*** Begin section ***

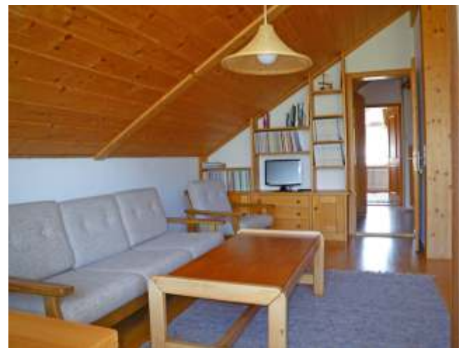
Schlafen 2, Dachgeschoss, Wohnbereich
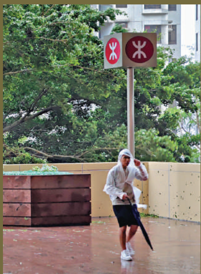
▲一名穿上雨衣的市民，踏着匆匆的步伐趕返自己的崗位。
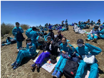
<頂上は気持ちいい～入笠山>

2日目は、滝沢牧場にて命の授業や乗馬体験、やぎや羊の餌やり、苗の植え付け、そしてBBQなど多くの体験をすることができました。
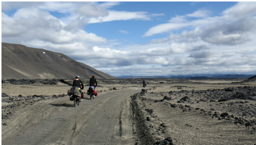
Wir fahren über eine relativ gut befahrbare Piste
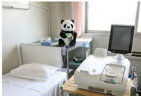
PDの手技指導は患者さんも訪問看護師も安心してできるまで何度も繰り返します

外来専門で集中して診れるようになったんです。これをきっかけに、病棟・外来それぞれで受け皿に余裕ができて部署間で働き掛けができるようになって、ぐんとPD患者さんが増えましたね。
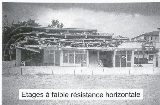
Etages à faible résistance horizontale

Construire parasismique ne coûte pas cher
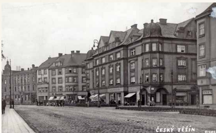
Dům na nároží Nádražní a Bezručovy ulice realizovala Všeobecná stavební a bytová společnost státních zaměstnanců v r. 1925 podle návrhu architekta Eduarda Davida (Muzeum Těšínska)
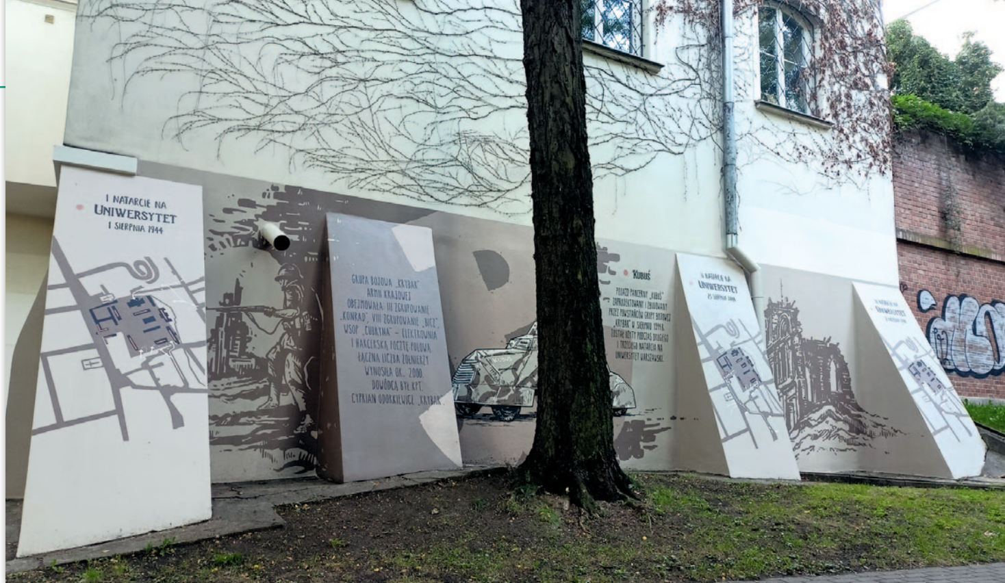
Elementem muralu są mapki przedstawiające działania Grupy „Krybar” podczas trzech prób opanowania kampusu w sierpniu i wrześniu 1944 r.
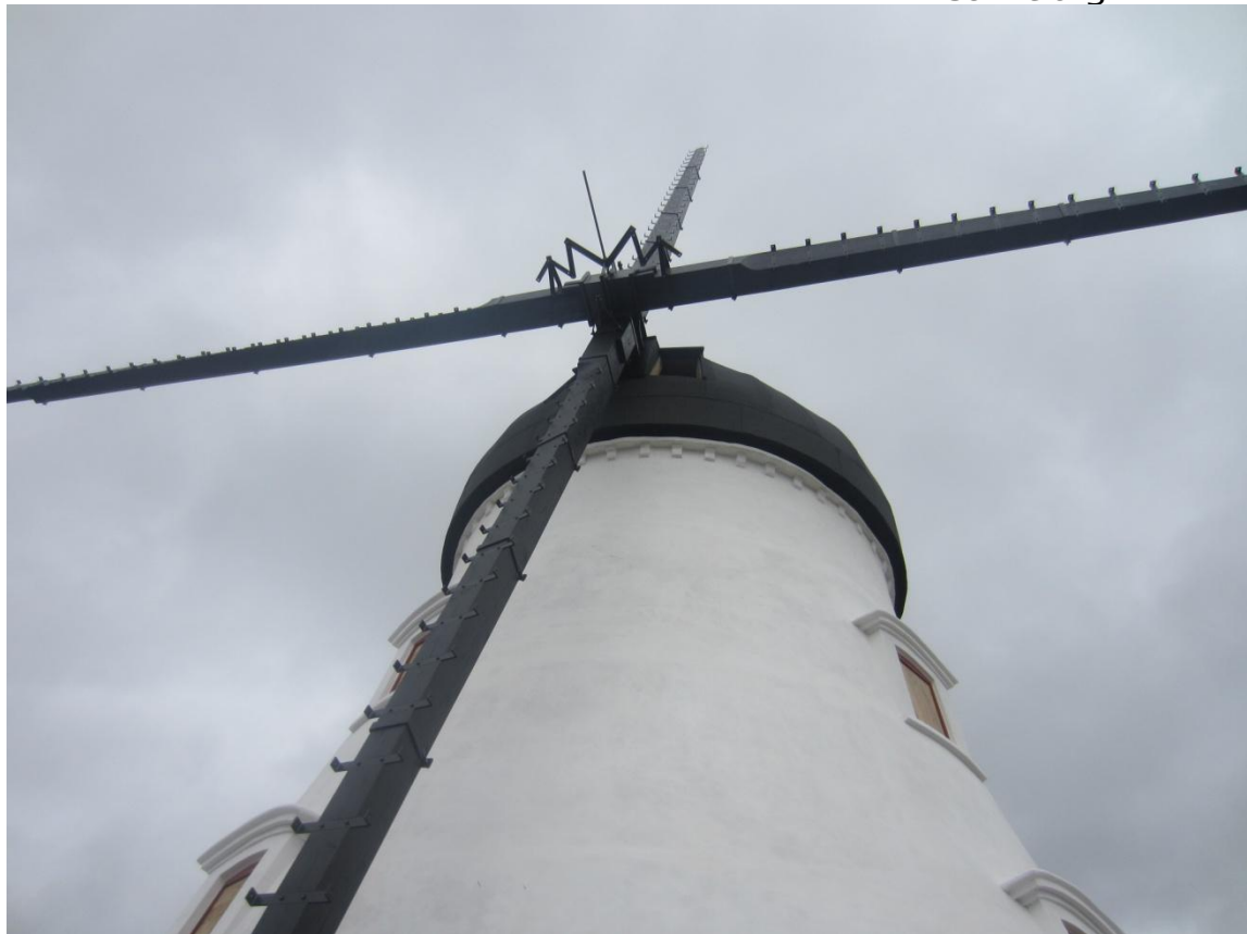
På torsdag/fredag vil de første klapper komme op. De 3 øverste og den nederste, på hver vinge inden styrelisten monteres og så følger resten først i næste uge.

*** End section ***

From the records above, copy exactly the stretch from the line holding "Dům na nároží" through the line holding "Elementem muralu są", both ends included, without the pictures.

Result for this exercise |
Dům na nároží Nádražní a Bezručovy ulice realizovala Všeobecná stavební a bytová společnost státních zaměstnanců v r. 1925 podle návrhu architekta Eduarda Davida (Muzeum Těšínska)
Elementem muralu są mapki przedstawiające działania Grupy „Krybar” podczas trzech prób opanowania kampusu w sierpniu i wrześniu 1944 r.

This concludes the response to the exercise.